U.S. stocks gain on tech rebound; Dow rises 0.20%, hits new record
by Investing.com Staff, Investing.com
U.S. stocks rose on Friday as bottom fishers snapped up nicely priced technology shares and looked past escalating tensions in Ukraine, sending the Dow Jones Industrial Average to an all-time high.
At the close of U.S. trading, the Dow 30 rose 0.20% to close at a record-high 16,583.34, the S&P 500 index rose 0.15%, while the NASDAQ Compositeindex rose 0.50%.
Technology and biotech shares have taken a beating in recent sessions, as investors have viewed the sector as too frothy, the beneficiaries of ultra-loose monetary policies and Federal Reserve stimulus programs that are tapering now and due to wrap up likely sometime this year.
By Friday, investors felt such momentum shares had fallen too far and jumped in from the sidelines to snap up attractive buys.
Elsewhere, investors looked past escalating tensions in Ukraine.
Pro-Russia separatists in eastern Ukraine ignored a public call by Russian President Vladimir Putin to postpone a referendum on self-rule and said they plan to go ahead on Sunday with a vote that some fear could lead to a civil war.
European Commission President Jose Manuel Barroso said earlier that the European Union was still struggling to agree on what approach to take on the crisis and added the event was the biggest threat to European security since the fall of the Berlin Wall.

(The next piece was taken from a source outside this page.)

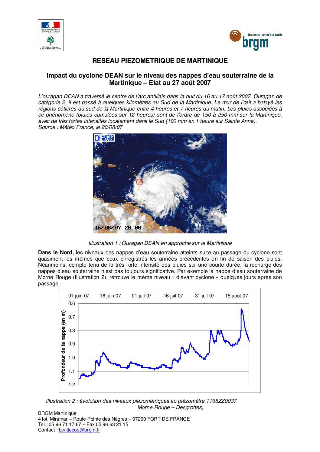 Globalement, ces fortes pluies associées au cyclone DEAN ont contribué de façon significative à la remontée des niveaux piézométriques, notamment dans le Centre, sur la côte atlantique et dans le Sud de l’île.
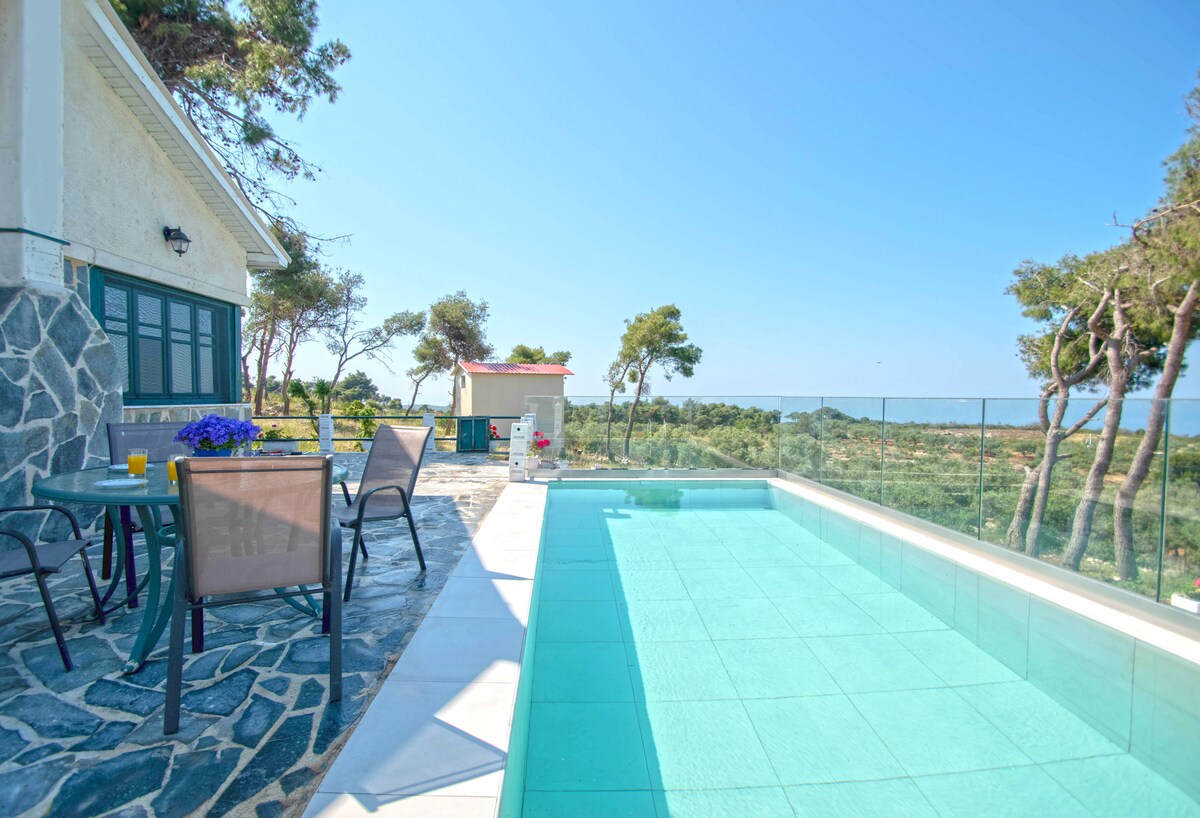 La Villa Versailles est construite en pierre et comprend un espace fonctionnellement indépendant qui occupe une superficie de 77 m2 et plus de 120 m2 de deux terrasses. La villa dispose d'immenses espaces extérieurs privés sur un terrain de 4 hectares (40 000m2), une vue imprenable sur la mer Égée bleu scintillant, dans un emplacement unique et calme, la partie la plus verdoyante de l'île, parsemée de vieux chênes rares classés ''Natura 2000''. Peut accueillir 4 personnes. Les merveilleuses plages sont à seulement trois km.

Still, U.S. stocks rose on sentiments that the U.S. economy continues to recover and will bolster corporate fundamentals along the way, with consumer discretionary and healthcare companies leading the way.
Leading Dow Jones Industrial Average performers included McDonald’s Corporation (NYSE:MCD), up 0.97%, Home Depot Inc (NYSE:HD), up 0.88%, and Merck & Company Inc (NYSE:MRK), up 0.68%.
The Dow Jones Industrial Average’s worst performers included J P Morgan Chase & Co (NYSE:JPM), down 0.63%, Dupont Fabros Technology Inc (NYSE:DFT), down 0.46%, and Pfizer Inc (NYSE:PFE), down 0.46%.
European indices, meanwhile, finished lower.
After the close of European trade, the DJ Euro Stoxx 50 fell 0.62%, France’s CAC 40 fell 0.66%, while Germany’s AMUNDI Short DAX 30 (XETRA:C2D) fell 0.27%. Meanwhile, in the U.K. the FTSE 100 fell 0.36%.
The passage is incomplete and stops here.